August 7, 2013 / by emptywheel

 

What If the Tor Takedown Relates to the Yemeni Alert?

Eli Lake and Josh Rogin reveal that the intercept between Ayman al-Zawahiri and Nasir al-Wuhayshi was actually a conference call between those two and affiliates all over the region.

The Daily Beast has learned that the discussion between the two al Qaeda leaders happened in a conference call that included the leaders or representatives of the top leadership of al Qaeda and its affiliates calling in from different locations, according to three U.S. officials familiar with the intelligence. All told, said one U.S. intelligence official, more than 20 al Qaeda operatives were on the call.

To be sure, the CIA had been tracking the threat posed by Wuhayshi for months. An earlier communication between Zawahiri and Wuhayshi delivered through a courier was picked up last month, according to three U.S. intelligence officials.
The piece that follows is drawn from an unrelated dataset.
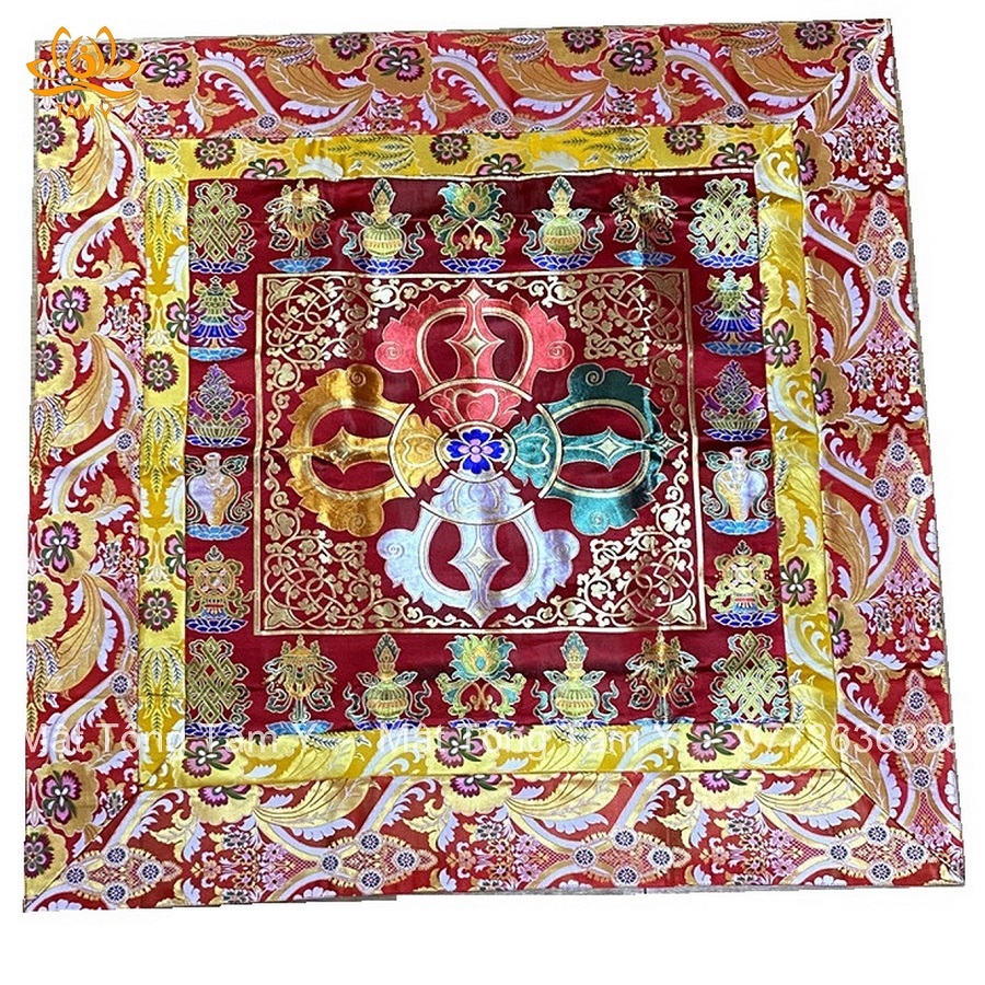 |100x100cm| Khăn trải bàn mật tông cỡ to vải gấm Tây Tạng cao cấp thêu chày kim cang kép và bát kiết tường (bát cát tường) - KTB016

But the conference call provided a new sense of urgency for the U.S. government, the sources said.

The fact that al Qaeda would be able to have such conference calls in this day and age is stunning. The fact that US and Yemeni sources would expose that they knew about it is equally mind-boggling.
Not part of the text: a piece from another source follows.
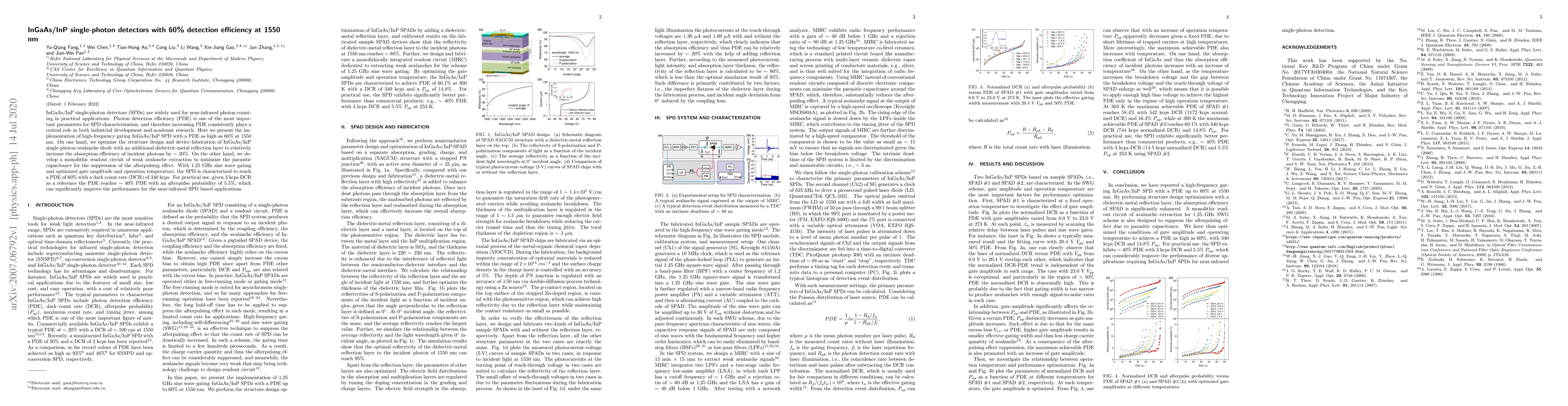 This paper presents a high-efficiency InGaAs/InP single-photon detector (SPD) achieving a photon detection efficiency of 60% at 1550 nm, achieved through structural optimization and a novel monolithic readout circuit. The design significantly reduces the afterpulsing effect and improves performance for near-infrared photon counting applications.

But one thing would make it make more sense.

On Sunday, Tor users first discovered the FBI had compromised a bunch of onion sites and introduced malware into FireFox browsers accessing the system. Since then, we’ve learned the malware was in place by Friday, the day the US first announced this alert (though the exploit in FireFox has been known since June).
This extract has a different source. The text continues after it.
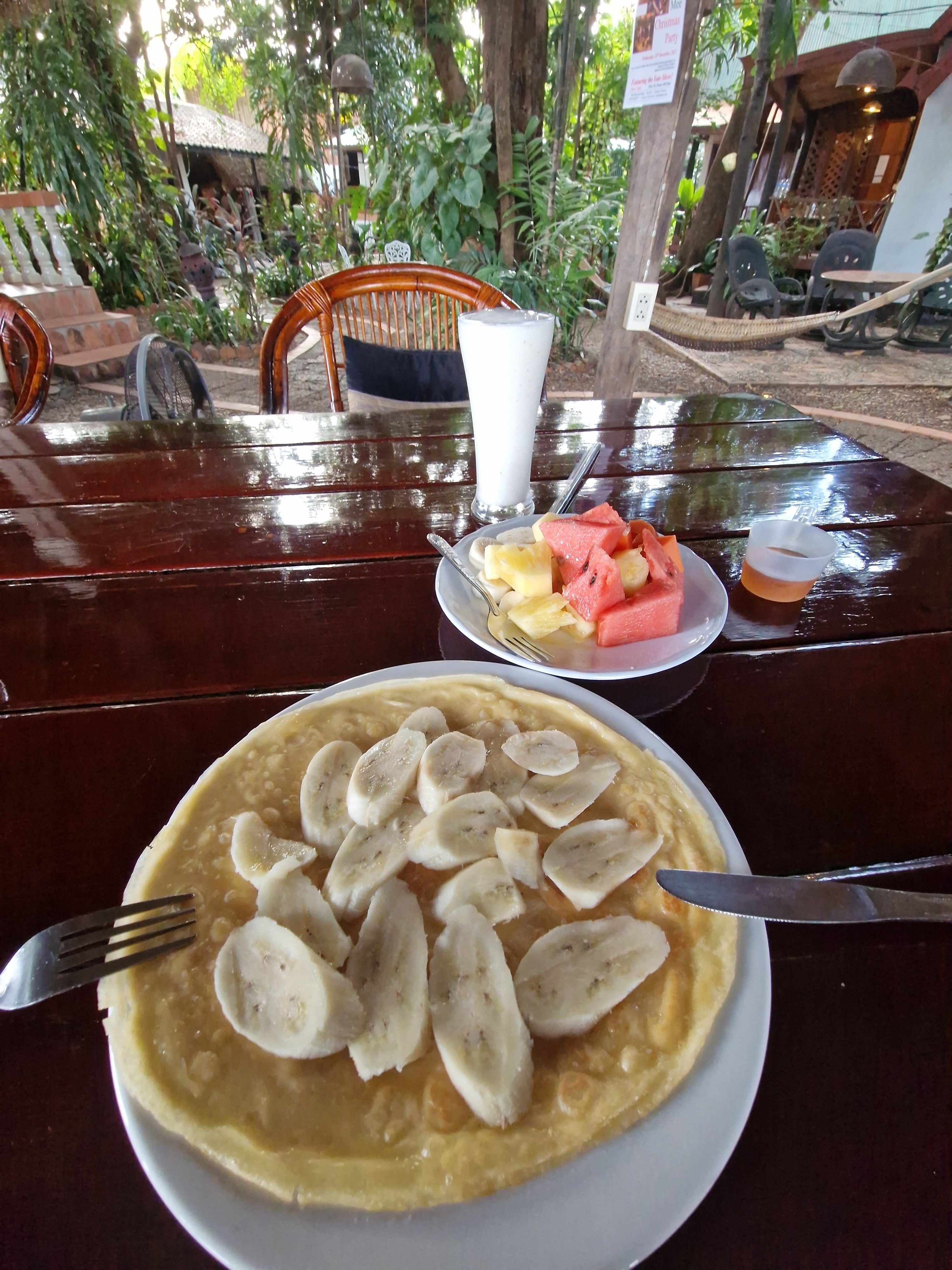 Vandaag neem ik een rustdag, of beter gezegd, ik blijf in Nong Khai maar plan wel een ommetje met de fiets. Vooraleer ik vertrek geniet ik van een lekker verwenontbijt: een bananenpannenkoek met watermeloen en een fruitshake. Dat doet deugt, want het ontbijt in de kleine hotelletjes tijdens de vorige dagen was eerder karig: rijstsoep met een confituurtoast. Of confituurtoast met rijstsoep. Of gewoon niks. Omdat ik niet met een lege maag de fiets op wil werd het dan meestal een Seven-Elevenontbijt van voorverpakte kant-en-klaarboterhammen, en/of wat banaantjes, of sandwiches met pandan- of taro- of kokosvulling. Allemaal wel lekker, maar ik kan de versgebakken pannenkoek die nu op mijn bord ligt wel erg appreciëren.

The owner of an Irish company, Freedom Hosting, has allegedly been providing turnkey hosting services for the Darknet, or Deep Web, which is “hidden” and only accessible through Tor .onion and the Firefox browser. The FBI reportedly called Eric Eoin Marques “the largest facilitator of child porn on the planet” and wants to extradite the 28-year-old man. About that time, Freedom Hosting went down; Tor users discovered that someone had used a Firefox zero-day to deliver drive-by-downloads to anyone who accessed a site hosted by Freedom Hosting. Ofir David, of Israeli cybersecurity firm Cyberhat, told Krebs on Security, “Whoever is running this exploit can match any Tor user to his true Internet address, and therefore track down the Tor user.”

If you’ve never visited the Hidden Wiki, then you should be fully aware that if you do, you will see things that can never be unseen. Freedom Hosting maintained servers for “TorMail, long considered the most secure anonymous email operation online,” wrote Daily Dot. “Major hacking and fraud forums such as HackBB; large money laundering operations; and the Hidden Wiki, which, until recently, was the de facto encyclopedia of the Dark Net; and virtually all of the most popular child pornography websites on the planet.”

But if you use Tor Browser Bundle with Firefox 17, you accessed a Freedom Hosting hidden service site since August 2, and you have JavaScript enabled, then experts suggest it’s likely your machine has been compromised. In fact, E Hacking News claimed that almost half of all Tor sites have been compromised by the FBI. [my emphasis]

So what if this takedown was only secondarily about child porn, and primarily about disabling a system al Qaeda has used to carry out fairly brazen centralized communications? Once the malware was in place, the communications between al Qaeda would be useless in any case (and I could see the government doing that to undermine the current planning efforts).

The timing would all line up — and it would explain (though not excuse) why the government is boasting about compromising the communications. And it would explain why Keith Alexander gave this speech at BlackHat.

terrorists … terrorism … terrorist attacks … counterterrorism … counterterrorism … terrorists … counterterrorism … terrorist organizations … terrorist activities … terrorist … terrorist activities … counterterrorism nexus … terrorist actor … terrorist? … terrorism … terrorist … terrorists … imminent terrorist attack … terrorist … terrorist-related actor … another terrorist … terrorist-related activities … terrorist activities … stopping terrorism … future terrorist attacks … terrorist plots … terrorist associations

[snip]

Sitting among you are people who mean us harm

Just one thing doesn’t make sense.

Once NSA/FBI compromised Tor, they’d have a way to identify the location of users. That might explain the uptick in drone strikes in Yemen in the last 12 days. But why would you both alert Tor users and — with this leak — Al Qaeda that you had broken the system and could ID their location? Why not roll up the network first, and then take down the Irish child porn guy who is the likely target?

I’m not sure I understand the Tor exploit well enough to say, but the timing does line up remarkably well.

Update: Some re-evaluation of what really happened with the exploit.

Researchers who claimed they found a link between the Internet addresses used as part of malware that attacked Freedom Hosting’s “hidden service” websites last week and the National Security Agency (NSA) have backed off substantially from their original assertions. After the findings were criticized by others who analyzed Domain Name System (DNS) and American Registry for Internet Numbers (ARIN) data associated with the addresses in question, Baneki Privacy Labs and Cryptocloud admitted that analysis of the ownership of the IP addresses was flawed. However, they believe the data that they used to make the connection between the address and the NSA may have changed between their first observation.